(ABOUT THIS TASK):
Starting with the line that holds "Le barbecue pliable" and stopping after the line that holds "Aerial view of", repeat the lines below word for word, without the pictures.
***** EXTRACTED ENTRIES *****
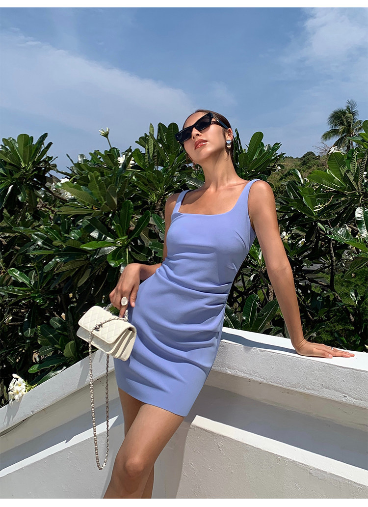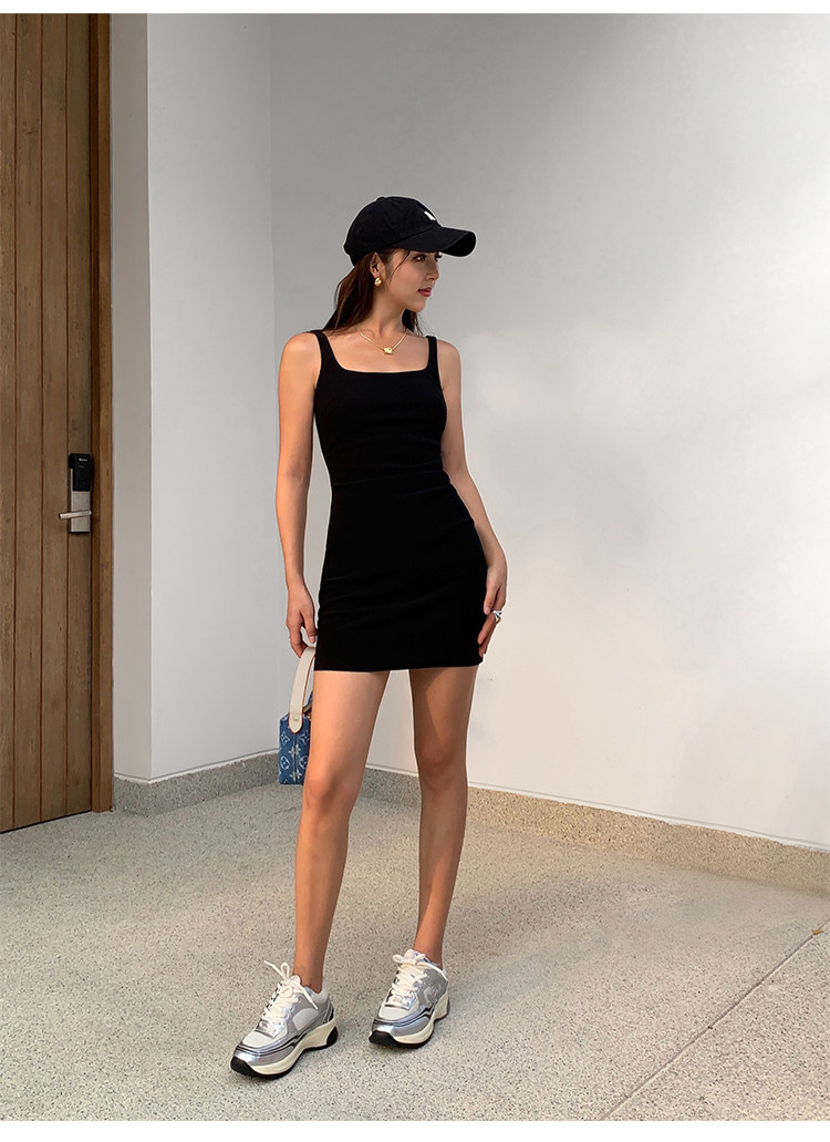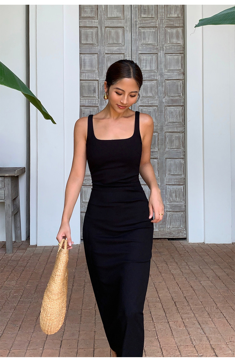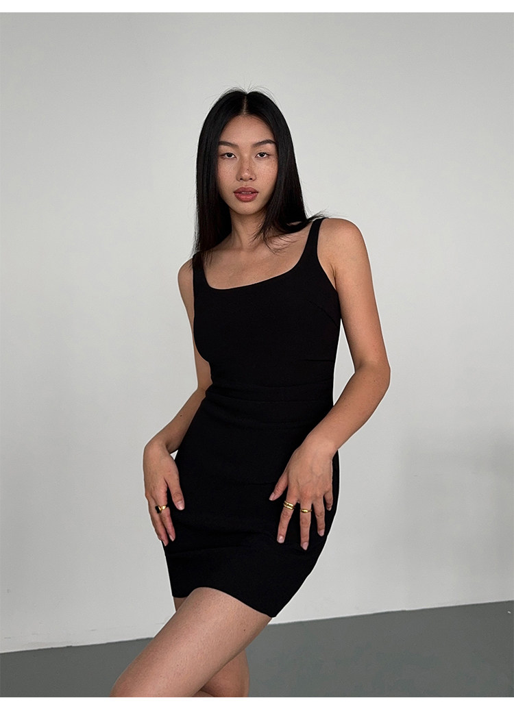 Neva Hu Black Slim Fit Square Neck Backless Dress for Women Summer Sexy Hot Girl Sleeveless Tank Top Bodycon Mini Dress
*****
***** EXTRACTED ENTRIES *****
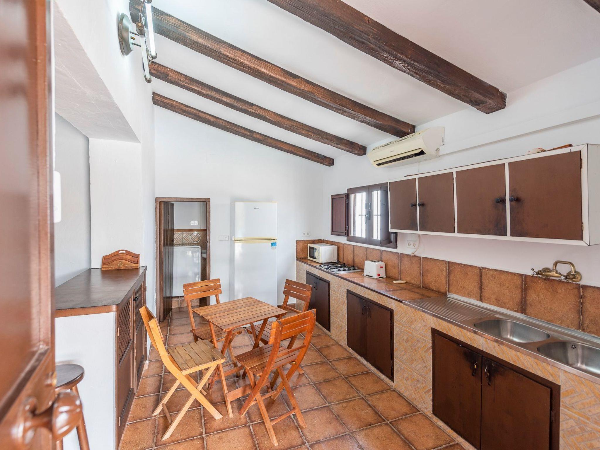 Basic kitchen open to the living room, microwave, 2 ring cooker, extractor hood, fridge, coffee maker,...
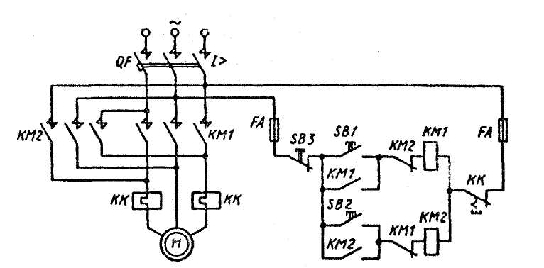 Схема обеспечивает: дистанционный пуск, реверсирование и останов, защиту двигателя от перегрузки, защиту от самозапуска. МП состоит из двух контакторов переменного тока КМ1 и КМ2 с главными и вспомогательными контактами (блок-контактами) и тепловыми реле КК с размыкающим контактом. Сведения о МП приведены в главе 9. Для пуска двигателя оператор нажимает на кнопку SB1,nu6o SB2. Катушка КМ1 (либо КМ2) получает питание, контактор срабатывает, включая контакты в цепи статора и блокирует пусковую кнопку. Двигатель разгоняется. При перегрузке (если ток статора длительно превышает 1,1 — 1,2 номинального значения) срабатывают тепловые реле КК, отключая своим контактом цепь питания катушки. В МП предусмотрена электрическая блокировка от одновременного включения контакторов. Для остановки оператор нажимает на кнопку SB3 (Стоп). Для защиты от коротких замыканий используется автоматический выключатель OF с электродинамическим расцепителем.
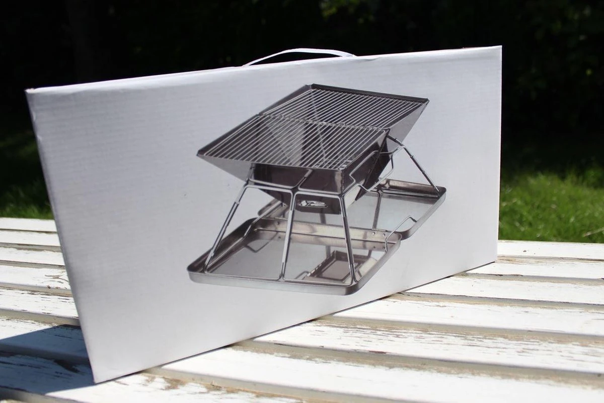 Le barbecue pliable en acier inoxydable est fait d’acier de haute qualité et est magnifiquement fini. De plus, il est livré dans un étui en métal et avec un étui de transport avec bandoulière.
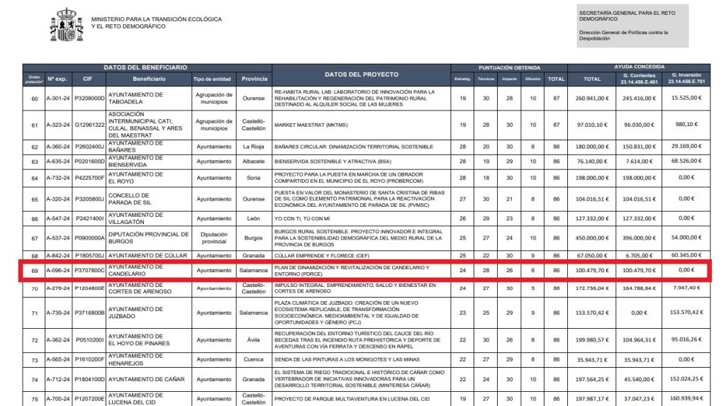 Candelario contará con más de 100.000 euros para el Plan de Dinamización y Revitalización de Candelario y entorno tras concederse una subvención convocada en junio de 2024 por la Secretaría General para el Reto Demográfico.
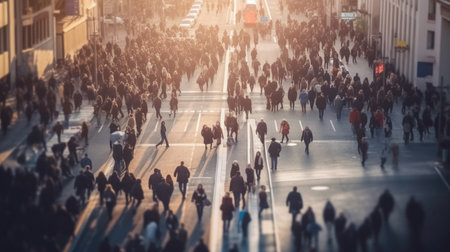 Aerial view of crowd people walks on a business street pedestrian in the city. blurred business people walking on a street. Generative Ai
*****
(RESULT OF THIS TASK):
 Le barbecue pliable en acier inoxydable est fait d’acier de haute qualité et est magnifiquement fini. De plus, il est livré dans un étui en métal et avec un étui de transport avec bandoulière.
 Candelario contará con más de 100.000 euros para el Plan de Dinamización y Revitalización de Candelario y entorno tras concederse una subvención convocada en junio de 2024 por la Secretaría General para el Reto Demográfico.
 Aerial view of crowd people walks on a business street pedestrian in the city. blurred business people walking on a street. Generative Ai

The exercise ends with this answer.